(Beginning of Record excerpts)

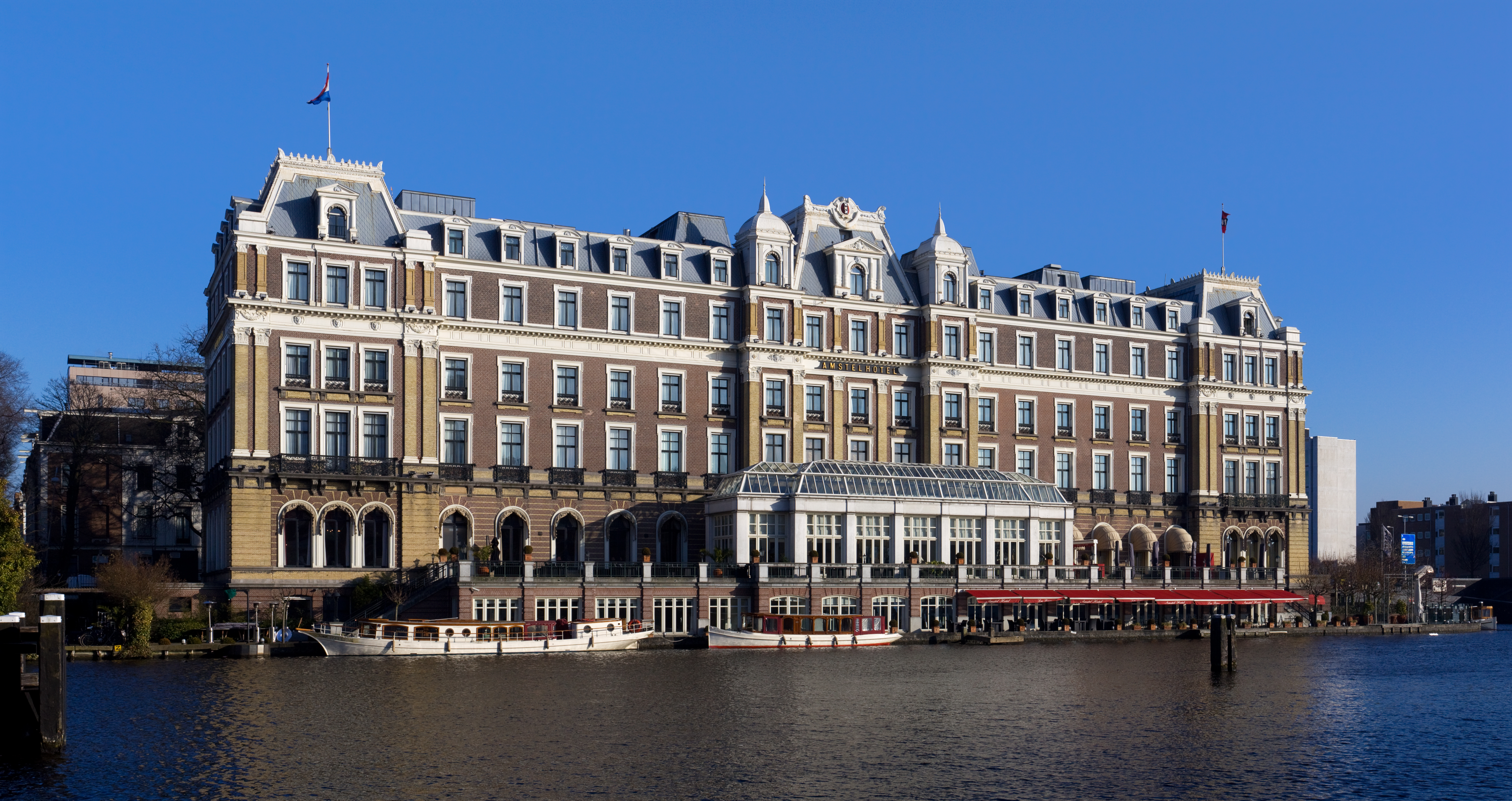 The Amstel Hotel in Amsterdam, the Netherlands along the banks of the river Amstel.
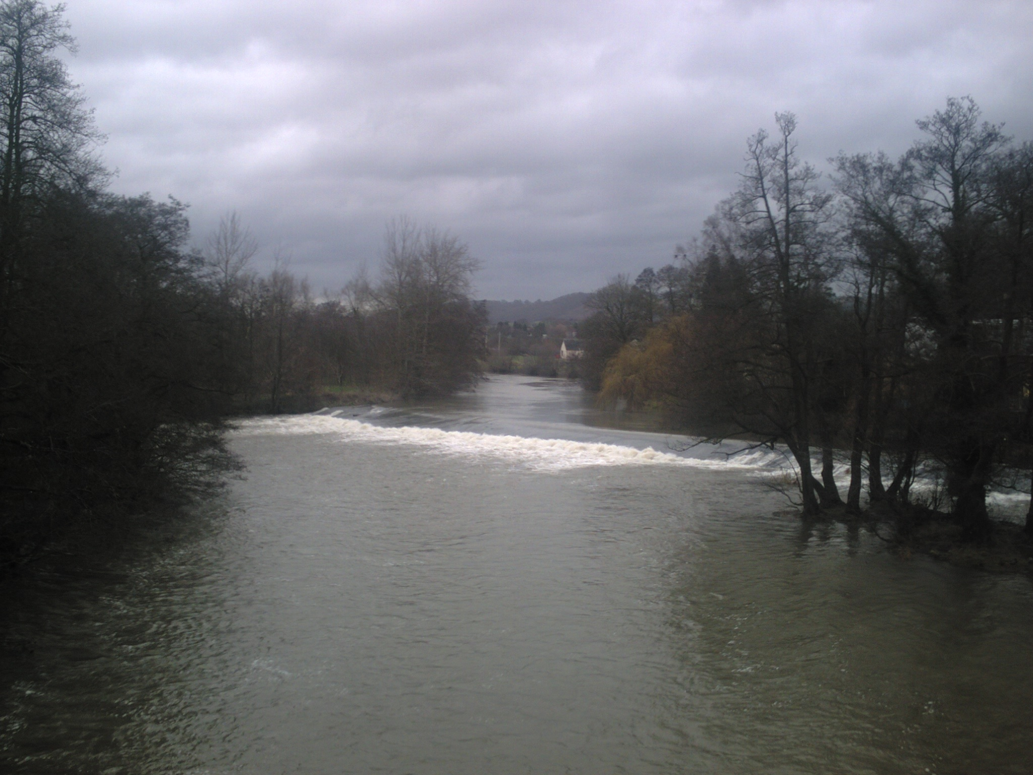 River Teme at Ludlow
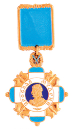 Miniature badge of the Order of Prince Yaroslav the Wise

(End of Record excerpts)
(Beginning of Record excerpts)

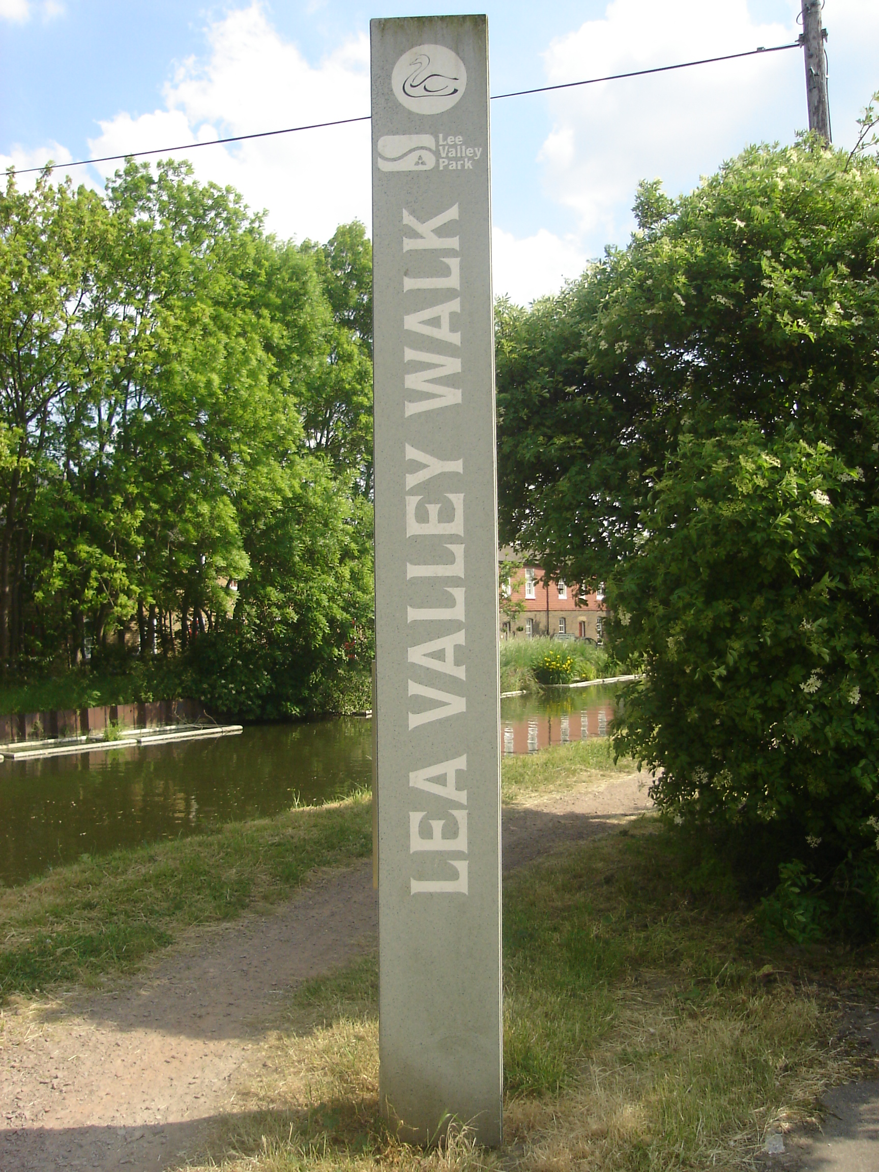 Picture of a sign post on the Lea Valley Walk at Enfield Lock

(End of Record excerpts)

Working from the data above, repeat exactly, and only, the lines that begin at the line containing "River Teme at Ludlow" and stop after the line containing "Miniature badge of"; pictures are not copied.

 River Teme at Ludlow
 Miniature badge of the Order of Prince Yaroslav the Wise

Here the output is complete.